Somehow, because we are the performance tuning team, obscure concurrency bugs get thrown our way. I'm not sure exactly where the join is, we aren't the "obscure concurrency bug" team. But why fight it, I prefer to go with the flow. So, each time, we examine them.

The latest one is representative of what we tend to see. Across several hundred servers in all the different environments (prod, pre-prod, QA, various devs), every couple of months we get a report on the same issue cropping up. Each time it will be a different server, running on a different box (usually but not always). A different piece of code with a different stack will be involved (usually but not always). An intensive investigation will identify that the only way the problem could occur is either a simple obvious way which, if it did occur, would be occurring all the time on multiple servers so we'd be seeing it all the time; or in a highly obscure way that requires an exception being thrown that no one has ever seen, while at the same time several JVM threads would need to have died, and at the same time a system resource would need to have been temporarily exhausted. And note that none of the individual strands of the combination have been seen (but then none are being monitored for, so possibly unsurprising); and yet the combination has to occur once a month across the full set of servers for us to see what we see.
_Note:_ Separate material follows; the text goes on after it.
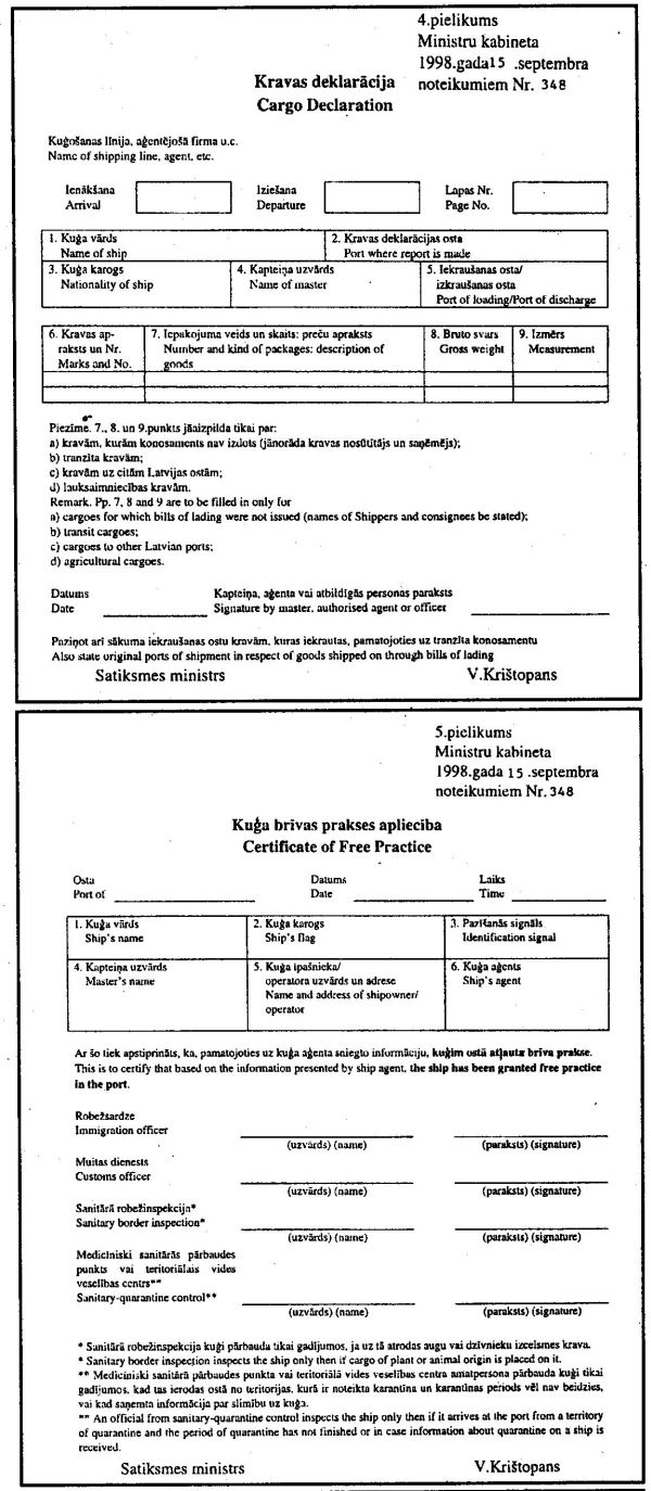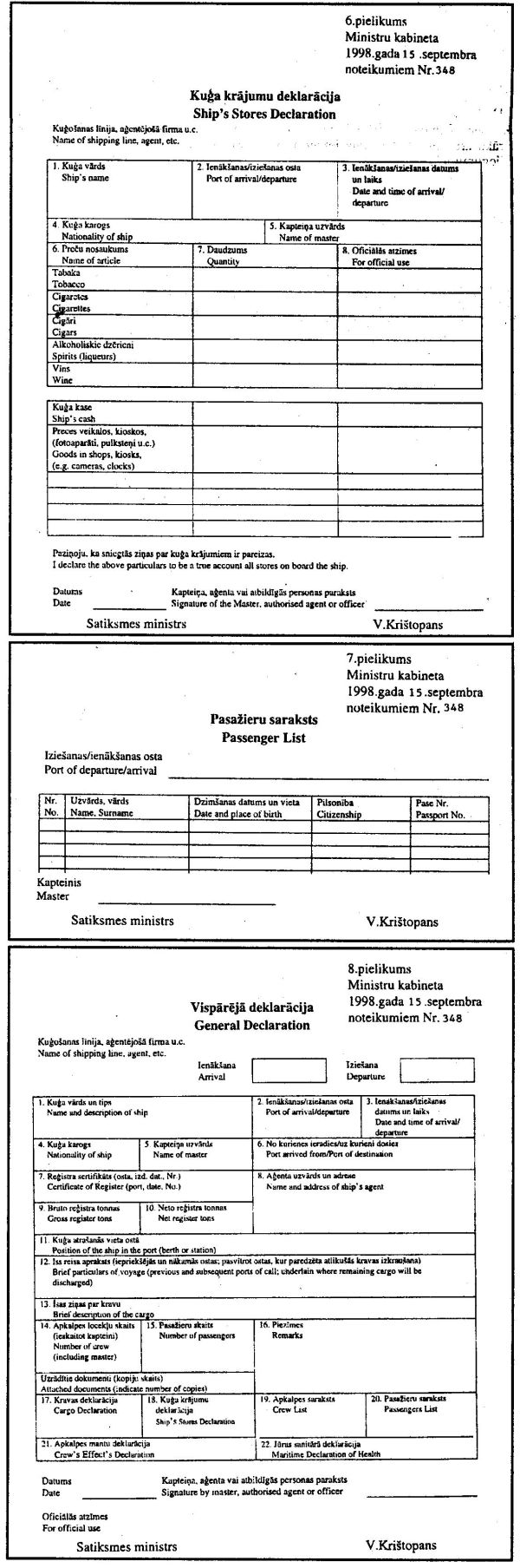 Ar šo tie apstiprināts, ka kuģis nokārtojis visas ostas formalitātes kuģa ienākšanai ostā 19_____. g. ________________ ___________________ stāvēšanai un iziešanai no ostas 19____. g. ___________ _____________________ un tam atļauts iziet jūrā.

A coincidence too far? Each time I think about this, I'm reminded of Gabriel Weinbergon's article One in a million happens a lot when your site is big. Although I'm not talking about a big website for my bug here, the statistics are the same; if you are doing something a lot - and several hundred servers running almost continuously in an enterprise project would be spot on in the list of things that do stuff a LOT - then very unlikely incidents stop being very unlikely and instead become things that happen on an infrequent but regular basis.

Given that, you need to have a strategy for when obscure things go wrong. The usual strategy in IT for this is redundancy - assume something will fail at some point, and have something else that can quickly take it's place when that happens. This is now common in large scale systems - possibly the most famous is Google, where the systems are designed to expect failures of any component and they "design the system with multiple backups and ways to route around problems". So that's what I tell the teams: things will fail obscurely and unexpectedly - you need failover capability. And now my analysis of obscure concurrency bugs has become much faster: since I know what the answer for these are before I start, my analysis mostly consists "is this something that is unlikely to occur normally, but is likely to occur occasionally when you scale up to do it a lot". If the answer is yes - and the bugs sent our way typically are - then the solution is "there's no obvious fix - you need a failover capability".